Will Indiana “Retire Lugar” tonight?

One of the races you should be watching closely this year is the Indiana Senate race. Longtime Senator Dick Lugar is finally getting what appears to be a worthy challenger in a primary election this time around. Lugar has been despised by conservatives for some time, despite the “R” behind his name.

Among other things, Lugar voted to confirm Sotomayor and Kagan to the Supreme Court, has a history of voting to raise the debt ceiling, and voted in favor of the NDAA (indefinite detention of Americans). He was suspected to be supporting SOPA/PIPA (the Internet censorship bills), but he never committed one way or the other. Lack of a spine on that issue didn’t sit well with conservatives, either.

So now he’s in a primary, and it’s a primary he could very well lose. Some recent polling shows challenger Richard Mourdock is in a statistical tie with Lugar while other polling shows Mourdock has a good lead over Lugar. Mourdock wasn’t favored to beat Lugar, but he’s got some things going in his favor in this election.

Anti-Incumbent Sentiment. People still don’t like incumbents, and for the most part, I don’t blame them. Lugar doesn’t have a good history when it comes to his voting record, and Mourdock isn’t shy about pointing that out.

Support from conservative interest groups. The conservative groups see Lugar as being vulnerable this time around, and they’ve put their support behind Mourdock. FreedomWorks and the Club for Growth are two of the big conservative interest groups in Mourdock’s camp.

Of course, if Mourdock wins the Primary, he’s got to win in November. The latest polls I saw (sorry, can’t seem to find the link again) showed Mourdock and the Democrat challenger Joe Donnelly in a tie with a large percentage of those polled as undecided. Yes, it’s early, and that matchup is still hypothetical, but those polls are leading some to speculate that Lugar is the only chance Republicans have of holding that seat in the Senate.

But I think that logic is faulty. In the last 10 presidential elections, Indiana voted for the Republican 9 of the 10 times.
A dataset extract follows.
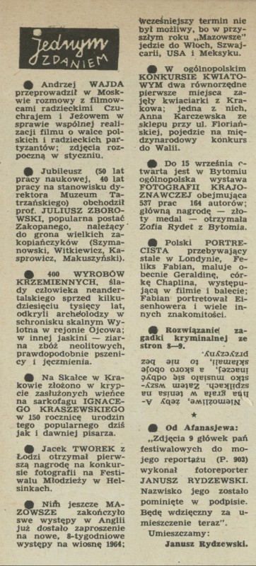 Archiwum / Jednym zdaniem nr 905 (32/1962) 37869/123969 Podziel się Tytuł Jednym zdaniem Rubryka Jednym zdaniem Artykuł z numeru 905 (32/1962) Data wydania 12 sierpnia 1962

The exception was that it went to Obama in 2008 by 1% of the vote. You can bet that the Republican get-out-the-vote effort for president in Indiana this year will be stronger than ever, and those Republican voters will vote for the R’s all the way down the ballot.

In any other year, Donnelly might have the upper hand in a matchup against Mourdock, but this year is going to be different, making it likely, I believe, that the winner of the Republican primary election will go on to win in November and then will represent Indiana in the Senate for the next six years.

Whether Mourdock will be a strong, consistent voice in Washington or whether he turns into a disappointment like Marco Rubio remains to be seen.